Two explosive reports from the forty-four caliber revolver swept down Silver Street and stunned the crew who were standing on the head of the DELTA QUEEN. As they looked toward the source of the deafening racket, they saw the deckhand tumbling through the aie like he had been fired out of the very gun that was now killing him. His arms and legs thrashed wildly as he was propelled toward the stage by the impact of the bullets that slammed into his back, and the horror that twisted his face into a mask of terror was that of a man looking into his own grave.

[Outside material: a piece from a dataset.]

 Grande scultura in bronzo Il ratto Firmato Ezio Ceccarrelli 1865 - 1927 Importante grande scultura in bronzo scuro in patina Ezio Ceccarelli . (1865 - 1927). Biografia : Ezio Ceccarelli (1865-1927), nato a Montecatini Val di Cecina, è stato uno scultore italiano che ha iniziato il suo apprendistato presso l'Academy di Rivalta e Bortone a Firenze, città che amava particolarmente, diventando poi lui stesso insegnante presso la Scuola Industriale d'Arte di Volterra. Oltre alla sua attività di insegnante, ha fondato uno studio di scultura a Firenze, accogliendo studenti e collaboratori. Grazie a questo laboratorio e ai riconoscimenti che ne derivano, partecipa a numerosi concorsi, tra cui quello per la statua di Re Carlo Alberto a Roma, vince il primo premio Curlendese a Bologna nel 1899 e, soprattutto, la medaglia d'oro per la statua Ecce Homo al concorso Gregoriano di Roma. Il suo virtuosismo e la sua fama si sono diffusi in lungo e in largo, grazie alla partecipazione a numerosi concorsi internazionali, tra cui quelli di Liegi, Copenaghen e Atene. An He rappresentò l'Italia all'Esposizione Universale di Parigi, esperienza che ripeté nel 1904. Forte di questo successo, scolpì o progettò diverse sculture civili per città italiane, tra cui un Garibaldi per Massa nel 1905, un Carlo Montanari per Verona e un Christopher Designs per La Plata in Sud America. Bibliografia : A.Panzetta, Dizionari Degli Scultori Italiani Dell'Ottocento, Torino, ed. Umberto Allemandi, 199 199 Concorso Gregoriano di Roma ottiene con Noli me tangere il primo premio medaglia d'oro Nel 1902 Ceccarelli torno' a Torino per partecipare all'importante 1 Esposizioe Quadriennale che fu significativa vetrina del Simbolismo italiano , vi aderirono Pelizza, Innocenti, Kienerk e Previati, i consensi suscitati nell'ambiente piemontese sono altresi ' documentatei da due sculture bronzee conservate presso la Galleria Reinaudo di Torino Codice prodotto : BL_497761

By the time the deckhand crashed into the brown sand where the head of the four-ton stage was imprinted, he was dying. Several well-meaning members of the crew who witness the drama rushed out to help their fallen comrade. A couple stout fellows were lifting him from the sand and were fixing to bring him aboard the boat when Captain "Old-Doc" Carr came running out to the head of the stage and ordering them to stop and lay the dying man back onto the ground by admonishing, "Don’t bring that man aboard the boat! He’s liable to die, and if he does, it’s gonna take forever to get the DELTA QUEEN out of here!"
The deckhand who preferred to stay to himself, without making friends among his own crew, died on the warm sand at the foot of Silver Street. As the DELTA QUEEN pulled away and headed upstream, the deckhand's lifeless body lay where it had fallen though now covered in a brown wool blanket- a gift from the crew he chose not to know.